В объятым золотым светом воине в серебряной кольчуге и с двуручной саблей, я бы своего собутыльника никогда не признал, без подсказки. Слишком одетый. Но теперь, присмотревшись к лицу — изображен он был без шлема — я увидел несомненное сходство. Только тут он помоложе.
— Подожди, он же говорил, что ему только стошестьдесят лет? — удивился я.
— Молодится, девок еще покадрить хочет, — отмахнулась Милена. Я хмыкнул и снова посмотрел на Унидруга. Судя по кровавой просеке, оставшейся за ним, он вышел из города, прорубился через вражескую армию и сейчас стоял на холме из трупов, а перед ним висела зловещая тень, в которой угадывались только красные глаза и крылья. Унидруг замахивался своей супер-шашкой, а тень била его синими молниями. Похоже, ничья. Унидруга я живого видел, а если бы он эту кляксу зарубал, то она бы в куче трупов под его ногами лежала.
Мстислав в детстве заставлял учителей по многу раз пересказывать историю этой битвы. И даже ему, мелкому пацану из неосредневековья, не привыкшему фильтровать информацию, было понятно — в истории о битве под Берлином слишком много воды, нестыковок, и слишком мало правды.
Я продолжал рассматривать картину, выхватывая странные сюжеты. Вот человеческие скелеты с нечеловеческими клыками и когтями, гонятся за горожанками. Вот группа детей боярских в доспехах и на конях палит в небо из всего, чего может — от молний, до мушкетов. Вот несколько одинаковых пар бойцов протыкает друг друга одинаковыми клинками. Когтистые, полупрозрачные лапы разрывают на части крепостную башню. Человек с горящей головой в руках скачет на половинке лошади.
— А вон и Канцлер, — снова ткнула пальчиком в картину Милена.
Канцлер, для друзей просто господин Махаэль, живо напомнил мне картины времен наполеоновских войн. На белом коне, сидит развернувшись грудью и лицом ко зрителю, не обращая внимания на баталию за его спиной. Он, конечно же, не в центре картины — центр принадлежит Царю. Но, как будто, на переднем плане. Породистое лицо с тонкими чертами, едва заметная улыбка, ироничный взгляд. Высокий лоб с могучей залысиной и смешные, лохматые бакенбарды. Канцлер Лицея смотрел с картины на зрителя, как бы говоря «Посмотрите, что за дичь тут творится!».

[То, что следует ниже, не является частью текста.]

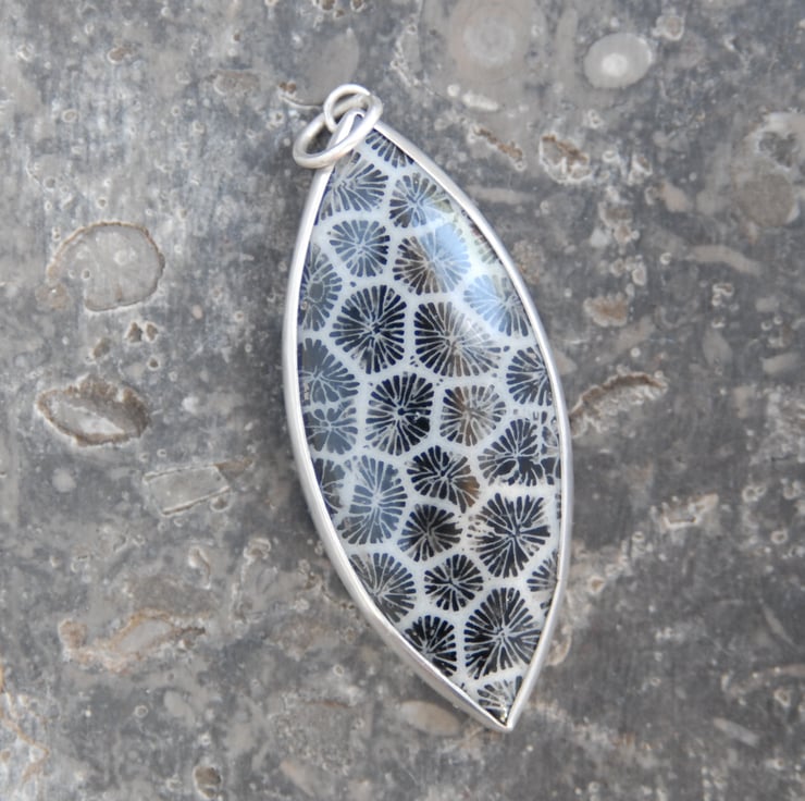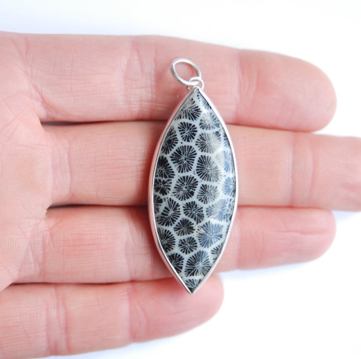 This pendant features an intricately patterned piece of fossilised coral which has been bezel set in sterling silver and finished with a (generously sized) simple loop bail. The fossilised coral has a black flower like pattern on a pale grey ground, although it wasn't sold to me as having gone through any sort of colour enhancement I suspect it has been bleached and then dyed to make the pattern stand out more.The pendant has a leaf or marquise shape and comes complete with a sterling silver chain but the bail could easily fit a ribbon or cord if you wanted to swap it over.
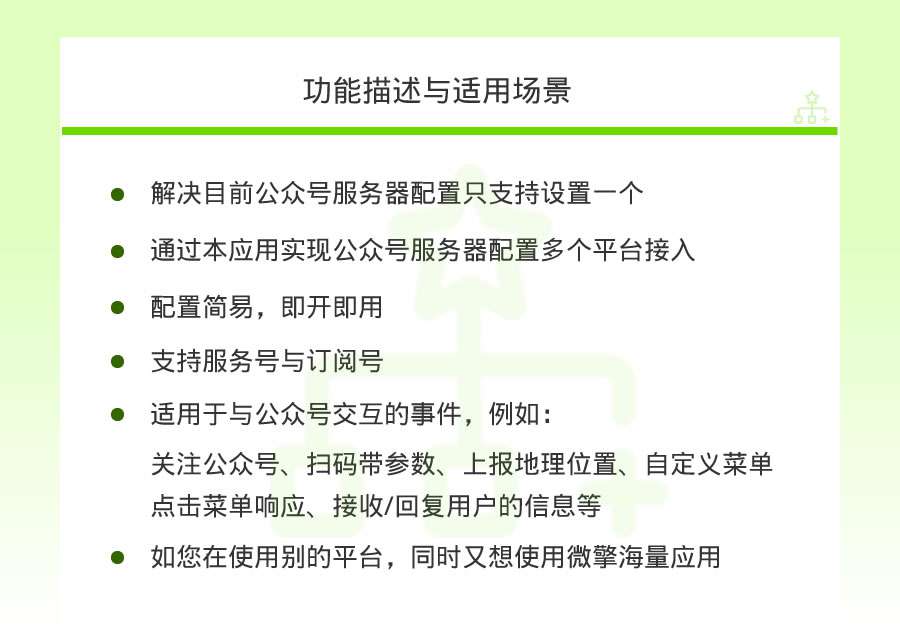 目前微信公众号服务器配置只允许配置一个服务器地址,通过本应用可以无限配置多个服务器地址,实现多个平台同时使用一个微信公众号。

Вот, тоже, загадка битвы. Царь Ярослав командовал битвой лишь формально — он передал право быть своим голосом господину Махаэлю. То есть, на время битвы, слово Канцлера становилось словом Царя. Что еще удивительнее, его слушались. Даже, когда Царь Ярослав погиб. Склоки бояр за первенство и споры за знатность рода приводили к поножовщине и в куда более спокойной обстановке. Что же их остановило от немедленной смуты тогда — загадка. Тем более, что господин Махаэль был выходцем откуда-то с Островов, даже не боярского рода! Мстислав в детве настолько озадачился этим, что не находил себе места. В конце концов, отец разрешил его сомнения, предположив, что бояре просто не знали о смерти Царя. Поэтому и продолжали выполнять приказы Канцлера.
Это отчасти объясняло дальнейшее. После великой битвы Махаэль, против ожидания, не был принят в сословие, ему не пожаловали земли, или даже город. Нет, его назначили Канцлером сначала в Царский Музеум — нечто среднее между хранилищем ядерных отходов и собранием диковинок. Вроде как и не ссылка — пост солидный, важный, ответственный. Но и от реальной власти его убрали, задвинули. Никогда больше он не командовал армиями.